Spark Learn – SYNTASA™

Description

The Spark KNN Learn process type provides the ability to configure and productionize custom Spark K-Nearest Neighbors Learn code into a Syntasa Composer workflow. By configuring this process it is allowing Syntasa to manage the learning on a scheduled basis. A user will find that there are two ways of importing the code:

Paste into a text editor window
Upload a file with the code

After placing the code into text editor, the output locations of the process type will need to be specified.
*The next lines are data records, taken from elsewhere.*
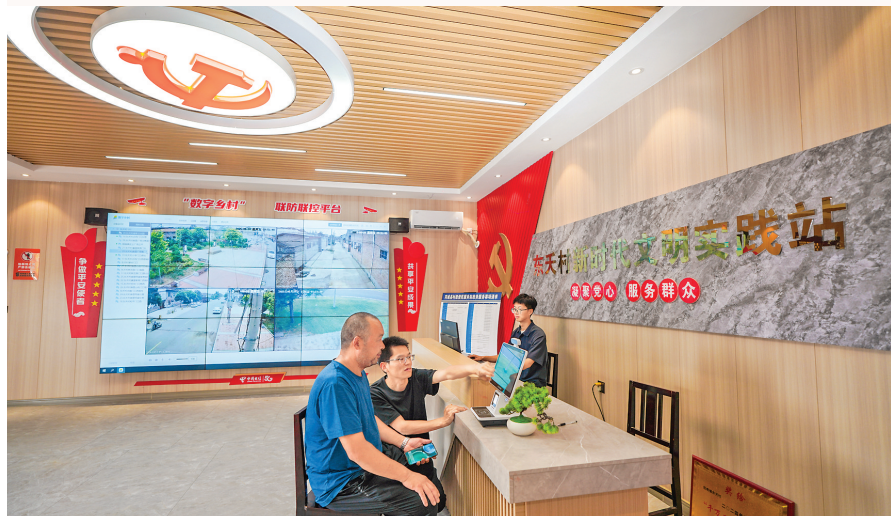
▲西南镇东天村党群服务中心内,联防联控平台的智慧大屏实时运行。图为东天村村干部帮助村民进行人脸识别。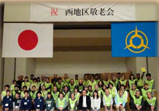
敬老会終了後、役員・委員・ボランティアの皆さんで集合写真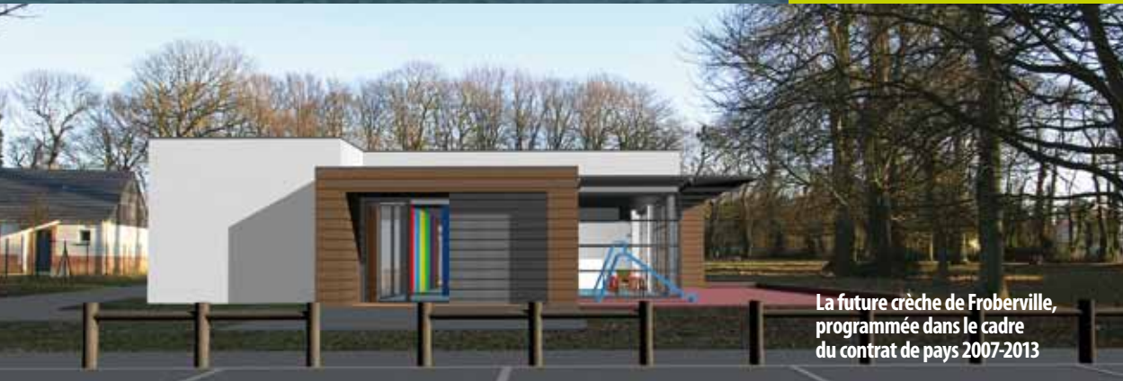
La future crèche de Froberville, programmée dans le cadre du contrat de pays 2007-2013

Signé le 9 décembre 2009, le contrat de pays des Hautes Falaises 2007-2013 mobilise un montant total de financements de 33,4 millions d'euros, dont le tiers provient de la coopération 276 (Région + Départements).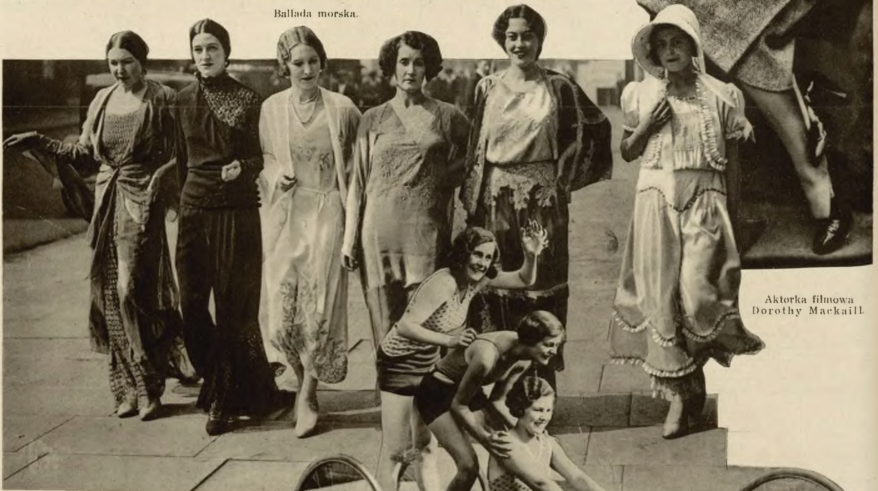
Aktorka filmowa Dorothy Mackaill.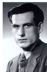
Rafael Calvo Serer

http://www.unav.es/servicio/archivo/perezembid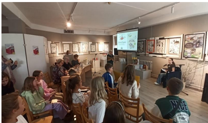
Filiālbibliotēkas "Pūce" organizētā "Nacionālo skalās lasīšanas sacensību" pirmā kārtā

Gatavojoties "Nacionālās skalās lasīšanas sacensību" Rīgas reģionālajam finālam, filiālbibliotēka "Pūce" uzrunāja savus sadarbības partnerus Purvciema un Pļavnieku apkaimju skolu pedagogus un bibliotekārus, lai kopīgi iedrošinātu audzēkņus piedalīties skalās lasīšanas sacensību pirmajā kārtā. Atsaucīgi šo piedāvājumu uzņēma pamatskola BŪSIM, Rīgas 88. vidusskola, Rīgas Purvciema vidusskola un Rīgas Valsts klasiskā ģimnāzija. Pasākums bija labi izplānots – žūrija, atbalstītāji un muzikāli priekšnesumi. Rezultātā Rīgas reģionālajam finālam tika izvirzīti trīs 5. klases audzēkņi.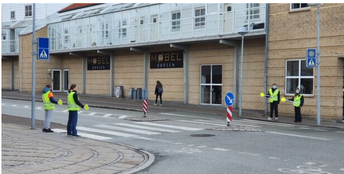
Skolepatruljer på arbejde ved Frederikssund Private Realskole.

I uge 5 er vejret altid lidt surt. Derfor overrasker Nordsjællands Politi og de nordsjællandske kommuner i de kommende dage skolepatruljerne for at anerkende deres store indsats.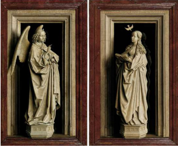
Şekil 2: Jan Van Eyck, The Annunciation Diptych

Yanılsamacı resimler İtalya'dan Hollanda'ya yayılıp en bilinen eserleri vermiştir. Ressam Jan van Eyck'in çalışmaları trompe l'oeil resminin en önemli örnekleri olarak bilinmektedir (Topal, 2014, s. 10). Jan Van Eyck'ın trompe l'oeil tekniği kullanılarak resmettiği "The Annunciation Diptych" adlı eseri, tuval üzerine yağlı boya resimde heykel yanılsaması yaratmaktadır (Şekil 2).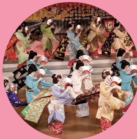
【 最終章の宮川音頭は 芸舞妓総出演で群舞します。 】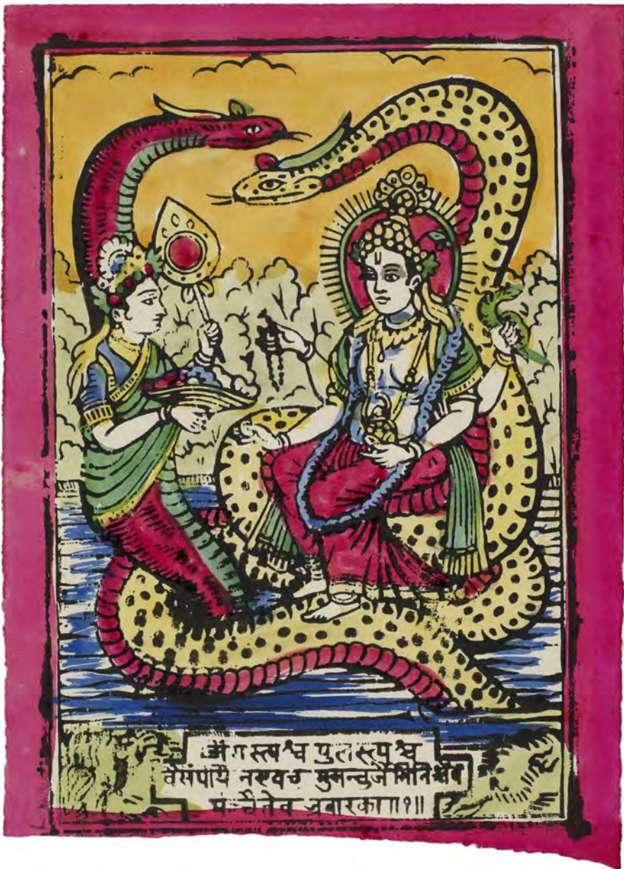
Fig. 9: Slangejomfruen (Kanya Nagini) opvarter Vishnu-lignende gud siddende på slanger med kort tekst nederst, erhvervet 1957-1959. Bloktryk med håndlagte farver på håndgjort papir, 27,9 × 22,9 cm (motiv 18,2 × 12,2 cm). Nepal 186, nr. 2.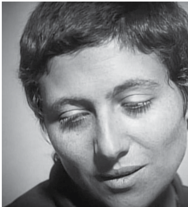
La Passion de Jeanne d'Arc de Carl Theodor Dreyer

l'arrière d'un tramway dans Rocco et ses frères ( Rocco e i suoi fratelli ) de Luchino Visconti où, derrière Alain Delon et Annie Girardot, le décor urbain que l'on quitte se laisse embrasser du regard. Ces deux formules visuelles reviennent souvent dans la série, le phantom ride pour entrer dans un pays sur les rails ou passer d'un pays à un autre de manière rapide et le plan pris d'un véhicule automobile souvent par la fenêtre ou dans un cadre plus restreint dans une rue bondée ou vide montrant la vie de Dakar, de Delhi ou d'ailleurs.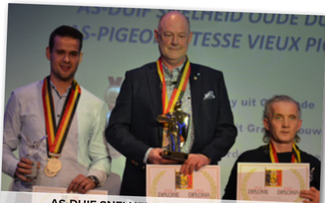
AS-DUIF SNELHEID OUDE DUIVEN 1-2-3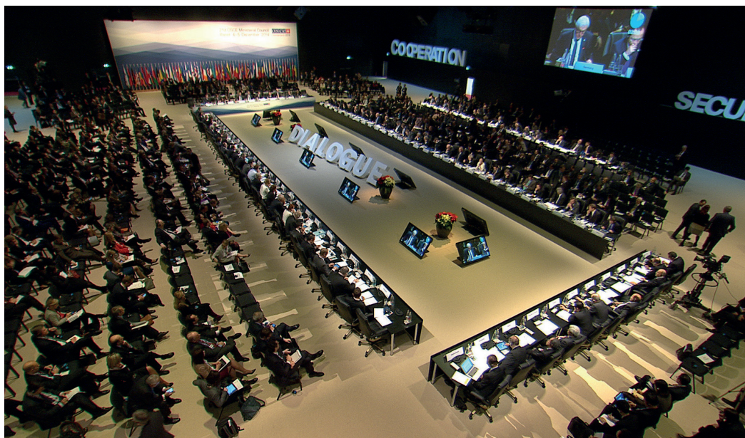
La OSCE es una organización intergubernamental en la que sus 57 Estados participantes colaboran en pie de igualdad en todos los órganos decisorios de la misma.

El carácter integrador constituye la base de todo lo que realiza la OSCE. Sus Estados participantes colaboran en pie de igualdad y aprueban las decisiones por consenso.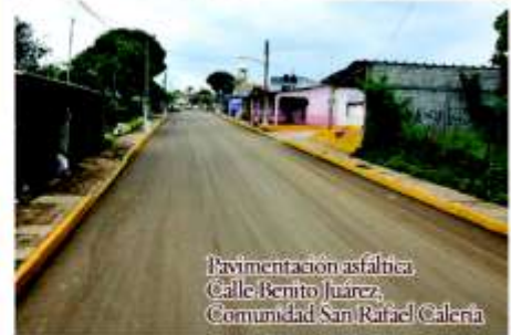
Pavimentación asfáltica Calle Benito Juárez Comunidad San Rafael Calería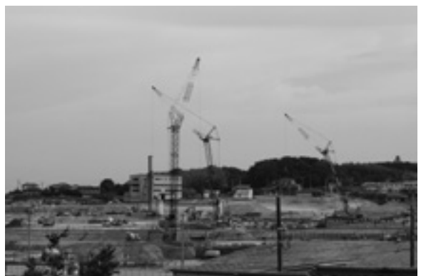
▲ (仮称) ららぽーと愛知東郷町の建設予定地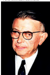
Jean-Paul Sartre, nobelpristagare i litteratur år 1964.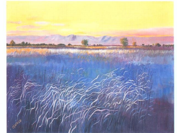
“Tramonto sui Magredi” olio su tela, cm 70x60 - 2015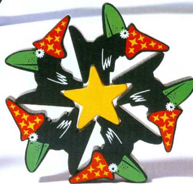
← Karussell Carousel Le carrousel Giostra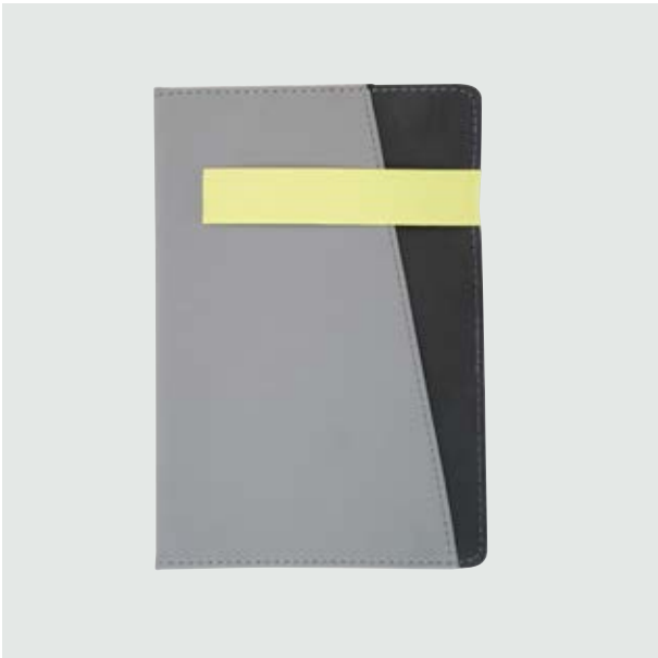
ESC 531 Libreta Moskú

Once the process is configured and tested it can be deployed to production, and scheduled for Syntasa to run on a scheduled basis.

Process Configuration

There are two screens that need configuring for this process type.

Parameters
Output

Parameters

The Parameters screen is where the actual custom code is imported by either pasting or file upload.

File Upload

Click the icon
A file browser window will appear
Select the file with the code to be imported
Click Open
The contents of the file will be placed in the text editor window
Also, the file name will be displayed just below the "File Upload" heading

Output

Output screen is where the table name, display name, and model name can be defined along with the option to "Load to BQ" when using Google Cloud Platform or "Load to Redshift" when using Amazon Web Services. There are three outputs for this process type per the following:

learning_metrics to help provide ability to understand performance
feature_importance
model

Expected Output

The expected out of this process type are the model that is stored in the "Base Path" and the learning_metrics and feature_importance stored in the "Location" that are found on the Output screen. Loading to BQ or Redshift helps to make querying the learning metrics and feature importance easier.